— PROVIDED MATERIAL —
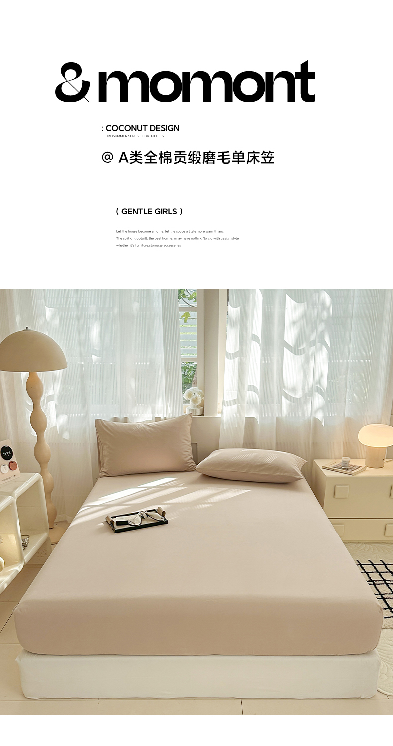 • 91家纺网 家纺一手货源 找家纺 丽美人家纺 2025新款全棉纯棉磨毛单床笠 床笠单件 亚麻咖
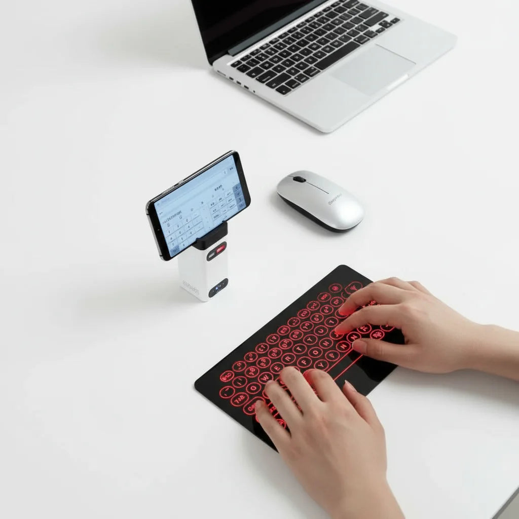 Project a full-size keyboard on any flat surface. Optimize your workspace effortlessly.
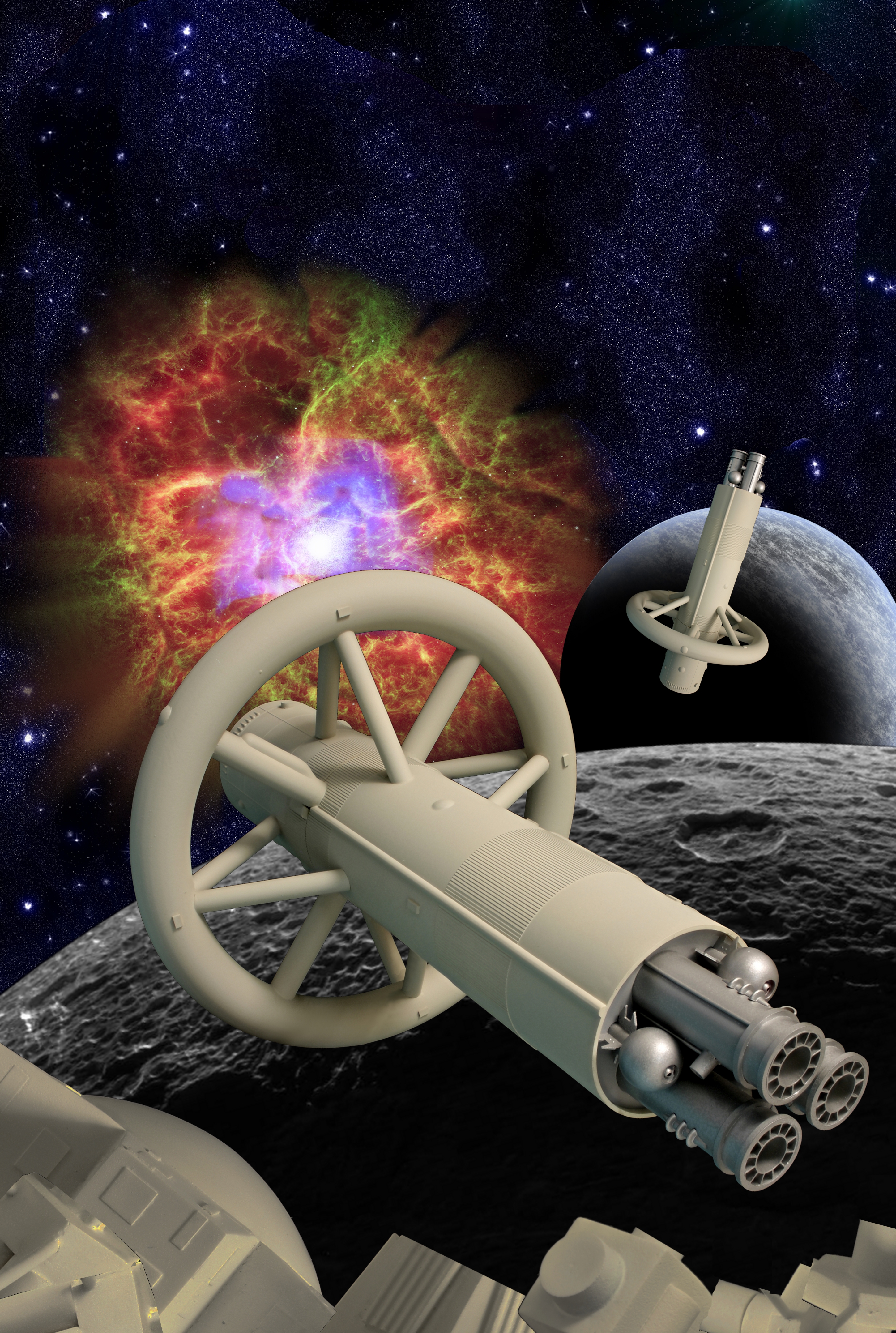 This is my recreation of the uncropped cover of Antares Dawn using photos of my model and astronomical images. The space station at the bottom of the picture was assembled from pieces of my StarForce ring-ship model.
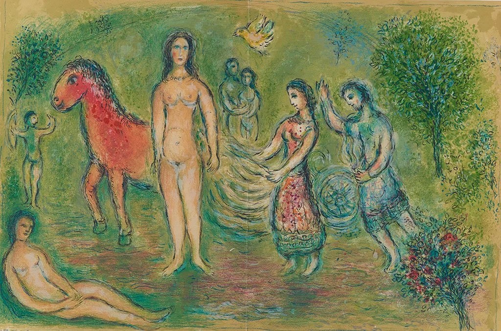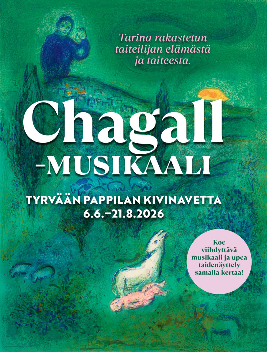 ” Musikaalissa taiteilija Marc Chagallin mielenmaisemat, muistot ja rakkaudet kietoutuvat antiikin kreikkalaiseen tarinaan Dafnis ja Khloe. Vieraillessaan Kreikassa Chagall ihastui tarinaan ja kuvitti sen vuonna 1961. Sarjan kaikki 42 värikylläistä teosta ovat nähtävillä taidenäyttelyssä.” Lainaus Tyrvään Pappilan sivuilta.
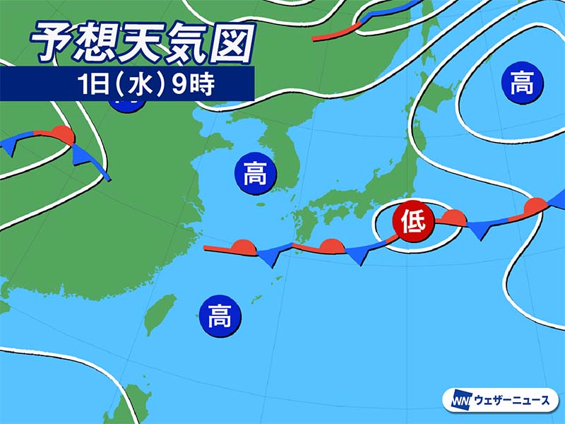 朝の冷え込みは弱まる一方で、昼間は気温が上がりにくく、気温変化は昨日30日(火)よりも小さくなります。
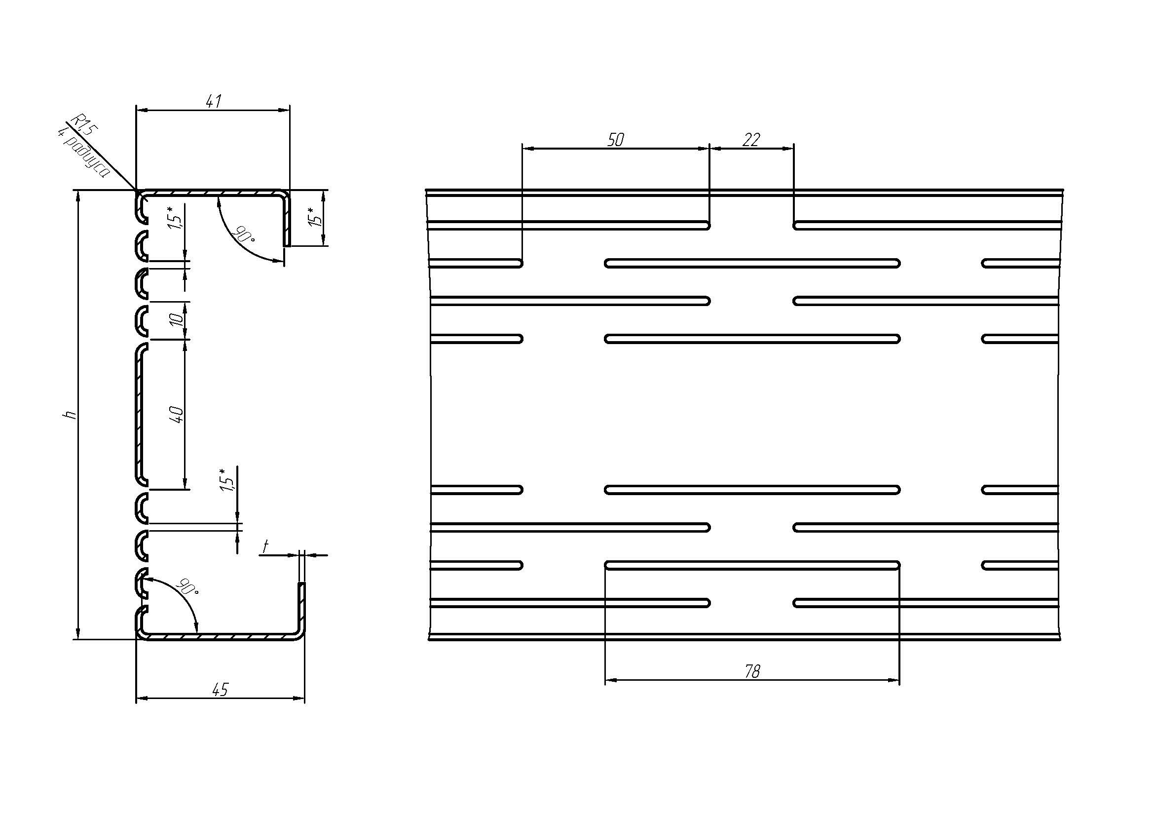 Термопрофили стоечные разнополочные (полки 41/45, 8 рядов термопросечек)

— AIM OF THE TASK —
Return the entries above in full and unchanged, omitting every image.

— THE ANSWER —
 • 91家纺网 家纺一手货源 找家纺 丽美人家纺 2025新款全棉纯棉磨毛单床笠 床笠单件 亚麻咖
 Project a full-size keyboard on any flat surface. Optimize your workspace effortlessly.
 This is my recreation of the uncropped cover of Antares Dawn using photos of my model and astronomical images. The space station at the bottom of the picture was assembled from pieces of my StarForce ring-ship model.
 ” Musikaalissa taiteilija Marc Chagallin mielenmaisemat, muistot ja rakkaudet kietoutuvat antiikin kreikkalaiseen tarinaan Dafnis ja Khloe. Vieraillessaan Kreikassa Chagall ihastui tarinaan ja kuvitti sen vuonna 1961. Sarjan kaikki 42 värikylläistä teosta ovat nähtävillä taidenäyttelyssä.” Lainaus Tyrvään Pappilan sivuilta.
 朝の冷え込みは弱まる一方で、昼間は気温が上がりにくく、気温変化は昨日30日(火)よりも小さくなります。
 Термопрофили стоечные разнополочные (полки 41/45, 8 рядов термопросечек)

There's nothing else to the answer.